• [Task statement]:
What you return must be an exact copy of the lines in the listing below between the line holding "出発式には約80名が参加し、福山市長が「誰もが安心・安全を実感できる福" and the line holding "Aerie Cotton Cable Lace Thong Underwear", inclusive, and nothing more.

• [Material to process]:
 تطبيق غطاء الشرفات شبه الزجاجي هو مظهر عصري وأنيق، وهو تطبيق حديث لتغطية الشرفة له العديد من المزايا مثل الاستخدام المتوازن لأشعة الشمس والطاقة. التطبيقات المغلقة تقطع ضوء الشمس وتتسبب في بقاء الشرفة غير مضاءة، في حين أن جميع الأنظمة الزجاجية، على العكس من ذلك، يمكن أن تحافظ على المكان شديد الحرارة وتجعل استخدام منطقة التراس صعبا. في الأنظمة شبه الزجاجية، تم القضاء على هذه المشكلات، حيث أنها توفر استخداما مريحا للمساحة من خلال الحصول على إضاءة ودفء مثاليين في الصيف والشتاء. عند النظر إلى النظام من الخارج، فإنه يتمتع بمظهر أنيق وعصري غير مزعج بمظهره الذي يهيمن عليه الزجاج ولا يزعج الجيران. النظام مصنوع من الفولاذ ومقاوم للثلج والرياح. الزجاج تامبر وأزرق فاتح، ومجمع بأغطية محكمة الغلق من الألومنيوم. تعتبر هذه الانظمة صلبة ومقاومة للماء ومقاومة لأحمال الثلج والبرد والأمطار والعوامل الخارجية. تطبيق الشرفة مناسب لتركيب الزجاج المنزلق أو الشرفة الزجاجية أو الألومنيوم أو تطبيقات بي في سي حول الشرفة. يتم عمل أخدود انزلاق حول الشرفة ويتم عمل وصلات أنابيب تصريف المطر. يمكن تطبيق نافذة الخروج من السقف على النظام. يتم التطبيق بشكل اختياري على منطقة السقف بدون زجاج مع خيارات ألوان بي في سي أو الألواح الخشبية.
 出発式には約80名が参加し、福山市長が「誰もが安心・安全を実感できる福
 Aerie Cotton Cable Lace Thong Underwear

* * *

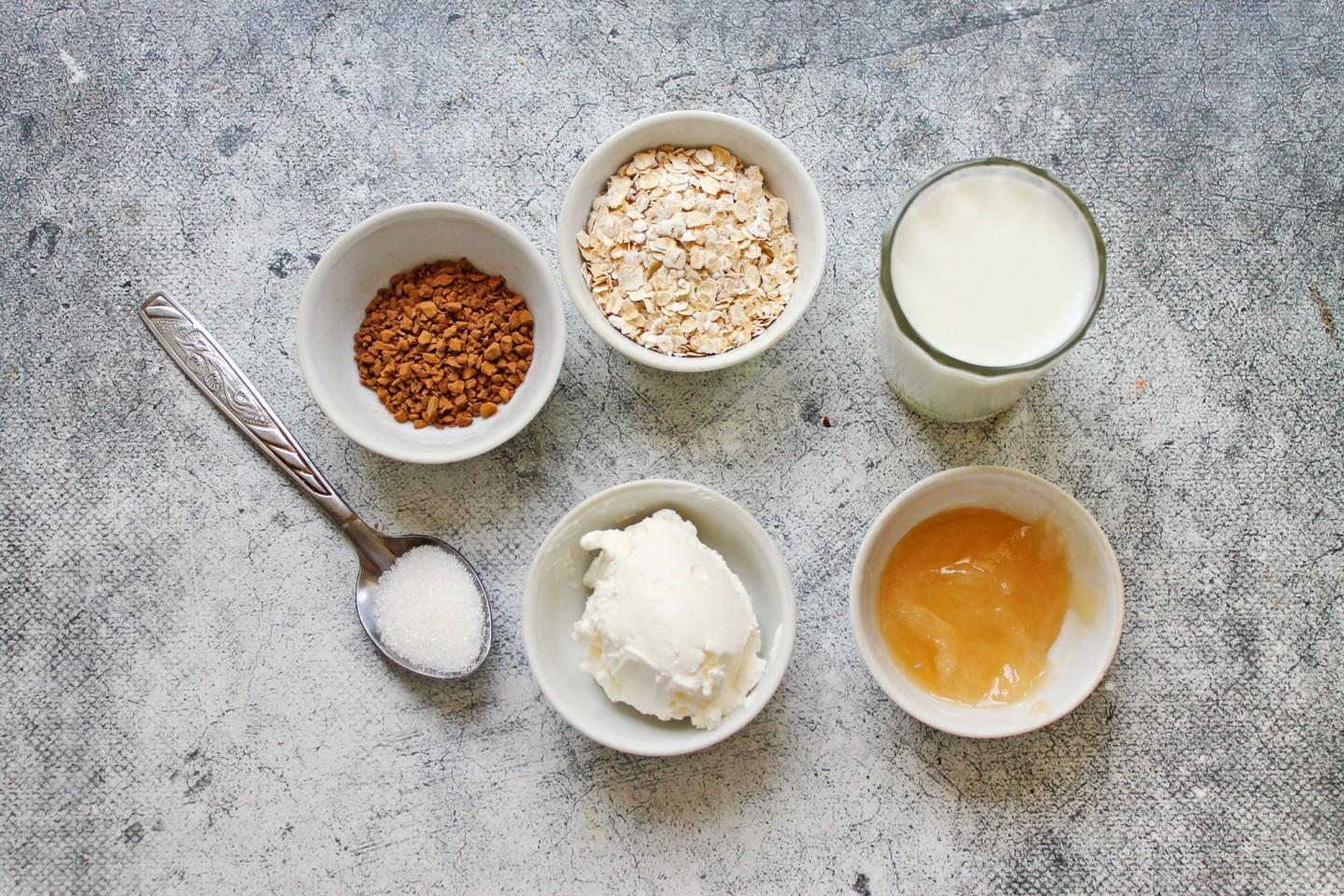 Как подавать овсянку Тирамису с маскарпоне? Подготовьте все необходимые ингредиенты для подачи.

• [Exercise solution]:
 出発式には約80名が参加し、福山市長が「誰もが安心・安全を実感できる福
 Aerie Cotton Cable Lace Thong Underwear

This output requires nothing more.